Campus novel

The Groves of Academe by Mary McCarthy, published in 1952, is often quoted as the earliest example, although in Faculty Towers: The Academic Novel and Its Discontents, Elaine Showalter discusses C. P. Snow's The Masters, of the previous year, and several earlier novels have an academic setting and the same characteristics, such as Thomas Hardy's Jude the Obscure of 1894 to 1896; Willa Cather's The Professor's House of 1925; Régis Messac's Smith Conundrum, first published between 1928 and 1931; and Dorothy L. Sayers' Gaudy Night of 1935 (see below).

Many well-known campus novels, such as Kingsley Amis's Lucky Jim and those of David Lodge, are comic or satirical, often counterpointing intellectual pretensions and human weaknesses.
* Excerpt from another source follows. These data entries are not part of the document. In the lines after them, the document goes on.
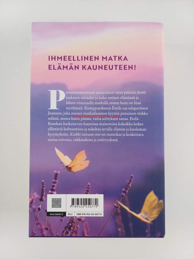 Alkuteos: Tout le bleu du cielAsiasanat: ystävyys, rakkaus, matkat, miehet, Alzheimerin tauti, kohtaaminen, parantumattomasti sairaat, matkakumppanit, nojatuolimatkalle
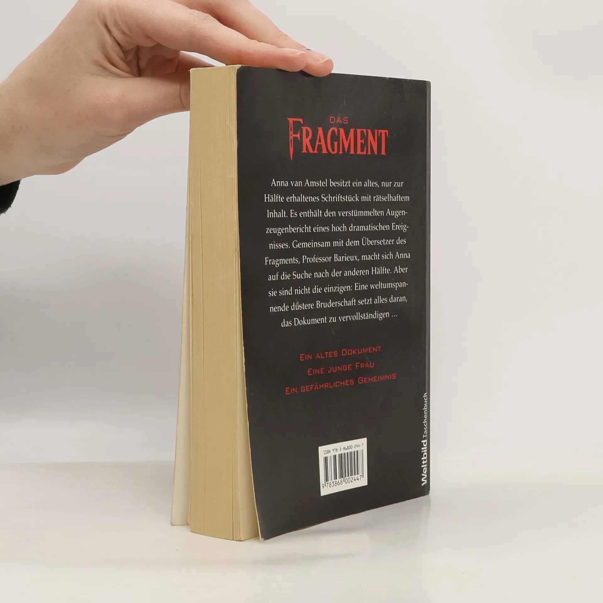 Eine alte Schrift, ein gefährliches Geheimnis Anna van Amstel kommt zu einem nur zur Hälfte erhaltenen Schriftstück. Der Inhalt gibt ihr und Professor Barieux, dem Übersetzer, Rätsel auf. Gemeinsam machen sie sich auf die Suche nach der anderen Hälfte. Doch auch eine gefährliche Bruderschaft jagt dem geheimnisvollen Fragment hinterher.
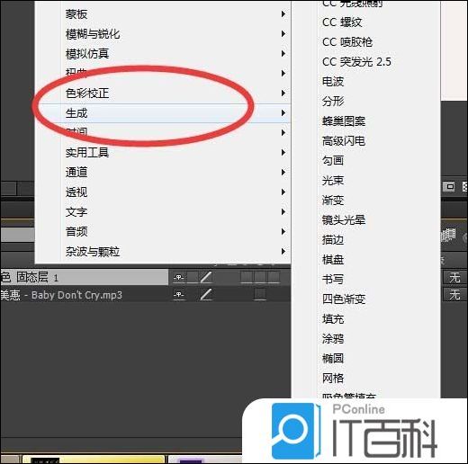 4、接着我们点击 效果-生成-音频频谱 , 把音频层选为我们的音乐
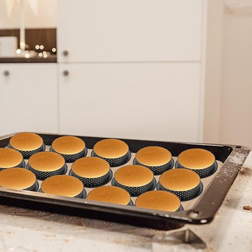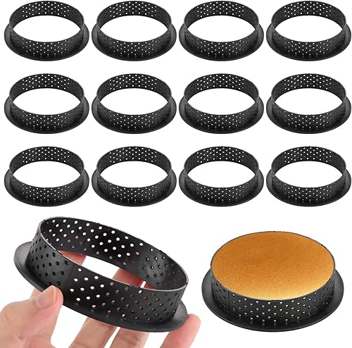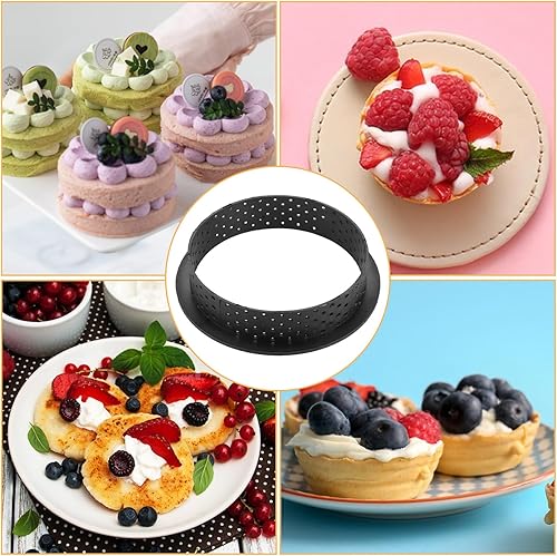 LOPYXBR Lot de 15 Moule a Tartelette 8cm, Cercle Tartelette en Plastique, Forme Ronde avec Trous d'Aération Moule Tartelette pour Cuisson de Pâtisseries, Gâteaux et Desserts, Réutilisable

Some, however, attempt a serious treatment of university life; examples include C. P. Snow's The Masters, J. M. Coetzee's Disgrace, Philip Roth's The Human Stain, and Norene Moskalski's Nocturne, Opus 1: Sea Foam.

Campus novels exploit the fictional possibilities created by a closed environment of the university, with idiosyncratic characters inhabiting unambiguous hierarchies.

They may describe the reaction of a fixed socio-cultural perspective (the academic staff) to new social attitudes (the new student intake).